`

SparkStreaming从启动Receiver到收取数据生成RDD的代码浅析

阅读更多
前面一片文章介绍了SocketTextStream 是如何从blockmanager里面获取block组成blockRDD的, 地址:
http://humingminghz.iteye.com/admin/blogs/2310003

那么接下来关注一下block是怎么存到blockmanager里面的。

还是从receiverTracker.start() 入手, 会执行ReceiverTracker的start方法:
def start(): Unit = synchronized {
    if (isTrackerStarted) {
      throw new SparkException("ReceiverTracker already started")
    }

    if (!receiverInputStreams.isEmpty) {
      endpoint = ssc.env.rpcEnv.setupEndpoint(
        "ReceiverTracker", new ReceiverTrackerEndpoint(ssc.env.rpcEnv))
      if (!skipReceiverLaunch) launchReceivers()
      logInfo("ReceiverTracker started")
      trackerState = Started
    }
  }



首先注册了一个endpoint:ReceiverTrackerEndpoint, 里面的实体类是ReceiverTrackerEndpoint

然后执行launchReceivers


private def launchReceivers(): Unit = {
    val receivers = receiverInputStreams.map(nis => {
      val rcvr = nis.getReceiver()
      rcvr.setReceiverId(nis.id)
      rcvr
    })

    runDummySparkJob()

    logInfo("Starting " + receivers.length + " receivers")
    endpoint.send(StartAllReceivers(receivers))
  }


首先从receiverInputStreams里面对每个inputstream遍历, 这个inputstream其实就是我们上一篇文章里面说的SocketInputDStream, 执行getReceiver 其实是执行SocketInputDStream类里面的new SocketReceiver方法, 这个方法里面有一个receive方法, 会建立socket连接不停获取数据, receive方法会在onStart里面被调用。

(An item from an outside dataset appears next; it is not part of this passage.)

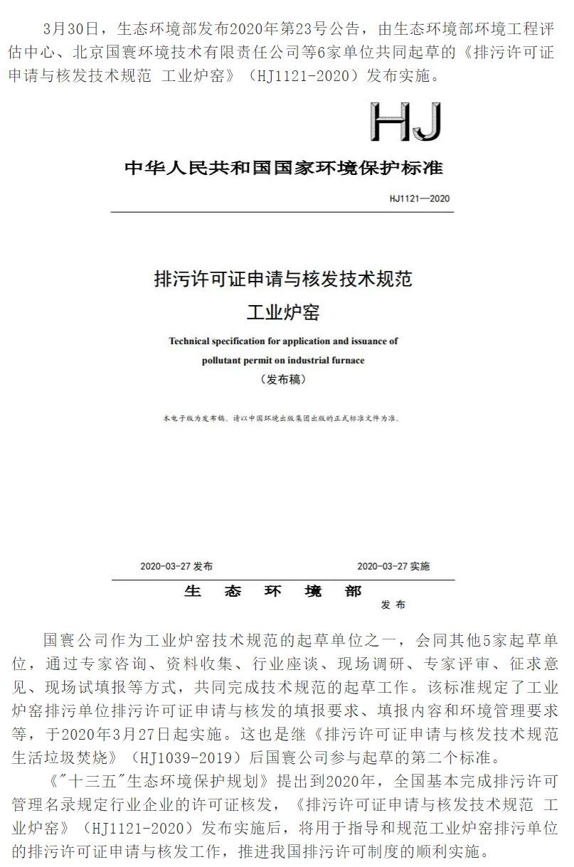 國寰公司參與起草的《排污許可證申請與核發技術規范 工業爐窯》(HJ1121-2020)發布實施
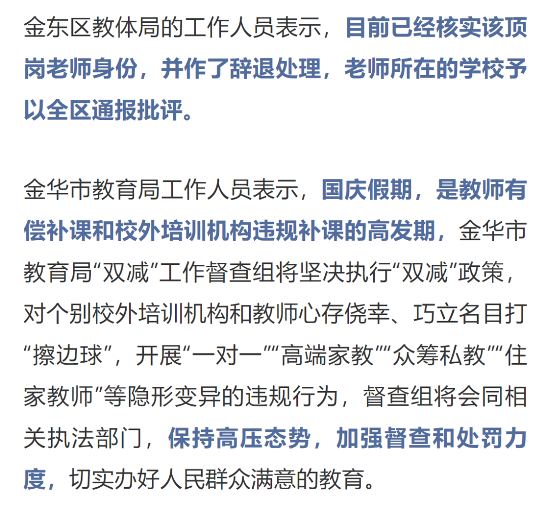 9月28日晚上,浙江省金华市教育局“双减”工作督查组、金东区教体局、公安等部门联合展开夜间突击检查。根据群众举报线索,检查组在当地傅村镇一间民房内发现,一名公办学校教师正在现场为3名学生进行补课。检查人员对该教师的行为现场进行了叫停。

接下来就出发endpoint (ReceiverTrackerEndpoint类)里面的StartAllReceivers(receivers):
 case StartAllReceivers(receivers) =>
        val scheduledLocations = schedulingPolicy.scheduleReceivers(receivers, getExecutors)
        for (receiver <- receivers) {
          val executors = scheduledLocations(receiver.streamId)
          updateReceiverScheduledExecutors(receiver.streamId, executors)
          receiverPreferredLocations(receiver.streamId) = receiver.preferredLocation
          startReceiver(receiver, executors)
        }



这里面主要是拿了有preferredLocation (executor)的receiver, 然后调用 startReceiver 方法去启动receiver:


    private def startReceiver(
        receiver: Receiver[_],
        scheduledLocations: Seq[TaskLocation]): Unit = {
      def shouldStartReceiver: Boolean = {
        // It's okay to start when trackerState is Initialized or Started
        !(isTrackerStopping || isTrackerStopped)
      }

      val receiverId = receiver.streamId
      if (!shouldStartReceiver) {
        onReceiverJobFinish(receiverId)
        return
      }

      val checkpointDirOption = Option(ssc.checkpointDir)
      val serializableHadoopConf =
        new SerializableConfiguration(ssc.sparkContext.hadoopConfiguration)

      // Function to start the receiver on the worker node
      val startReceiverFunc: Iterator[Receiver[_]] => Unit =
        (iterator: Iterator[Receiver[_]]) => {
          if (!iterator.hasNext) {
            throw new SparkException(
              "Could not start receiver as object not found.")
          }
          if (TaskContext.get().attemptNumber() == 0) {
            val receiver = iterator.next()
            assert(iterator.hasNext == false)
            val supervisor = new ReceiverSupervisorImpl(
              receiver, SparkEnv.get, serializableHadoopConf.value, checkpointDirOption)
            supervisor.start()
            supervisor.awaitTermination()
          } else {
            // It's restarted by TaskScheduler, but we want to reschedule it again. So exit it.
          }
        }

      // Create the RDD using the scheduledLocations to run the receiver in a Spark job
      val receiverRDD: RDD[Receiver[_]] =
        if (scheduledLocations.isEmpty) {
          ssc.sc.makeRDD(Seq(receiver), 1)
        } else {
          val preferredLocations = scheduledLocations.map(_.toString).distinct
          ssc.sc.makeRDD(Seq(receiver -> preferredLocations))
        }
      receiverRDD.setName(s"Receiver $receiverId")
      ssc.sparkContext.setJobDescription(s"Streaming job running receiver $receiverId")
      ssc.sparkContext.setCallSite(Option(ssc.getStartSite()).getOrElse(Utils.getCallSite()))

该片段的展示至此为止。